Snowflake Inc.’s stock had its worst day ever after the company gave a quarterly sales outlook that fell short of expectations, suggesting that customers have continued trimming their spending for cloud software amid uncertain economic conditions.
(Bloomberg) — Snowflake Inc.’s stock had its worst day ever after the company gave a quarterly sales outlook that fell short of expectations, suggesting that customers have continued trimming their spending for cloud software amid uncertain economic conditions.
The shares fell 17% to $147.91 at the close Thursday in New York, the steepest one-day decline since Snowflake began public trading on Sept. 16, 2020. The stock had rallied 24% in the last month before Wednesday’s earnings report as positive results by cloud infrastructure providers Microsoft Corp. and Alphabet Inc. made investors expect positive trends.

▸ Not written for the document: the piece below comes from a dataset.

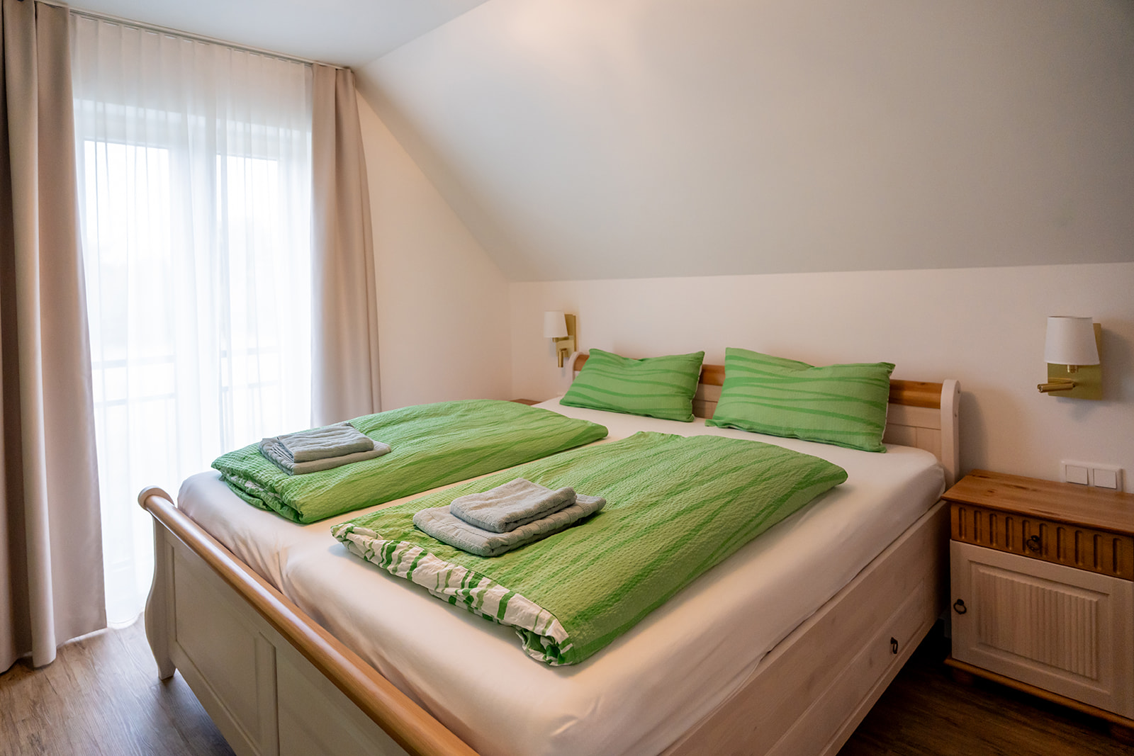 - Zwei Doppelbetten (1,80 x 2,00 m)

Snowflake’s software helps business organize data in the cloud. The company is known for its consumption pricing model, which charges customers based on how much they use its products. Analysts had feared that a slowdown in demand for cloud services would dent Snowflake’s pay-as-you-go model.
Product revenue will increase about 34% to as much as $625 million in the period ending in July, the company said Wednesday in a statement. Analysts, on average, estimated $646.3 million, according to data compiled by Bloomberg. Product sales make up the majority of Snowflake’s total revenue and are watched closely by investors.
Snowflake also cut its outlook for the fiscal year, saying product revenue will be about $2.6 billion. In March, the company predicted annual product sales of $2.7 billion.
The forecast reduction is tied to the broader slowdown in spending for information technology seen across the economy, said Mandeep Singh, an analyst at Bloomberg Intelligence.
Several analysts on Thursday downgraded the stock and cut their price targets.
“Despite some solid Q1 upside, overall results were again marred by a significant cut to the full year outlook as Snow’s customers continue to face optimization trends,” wrote Tyler Radke, an analyst at Citigroup.
Fiscal first-quarter product revenue increased 50% to $590.1 million. Analysts, on average, projected $571.9 million. Profit, excluding some items, was 15 cents a share in the period ended April 30, compared with an average estimate of 5 cents.
The company said in a presentation that it had 8,167 customers at the end of the quarter. Of those, 373 were large clients who generated trailing 12-month product revenue of more than $1 million, an 80% increase compared with the period a year earlier.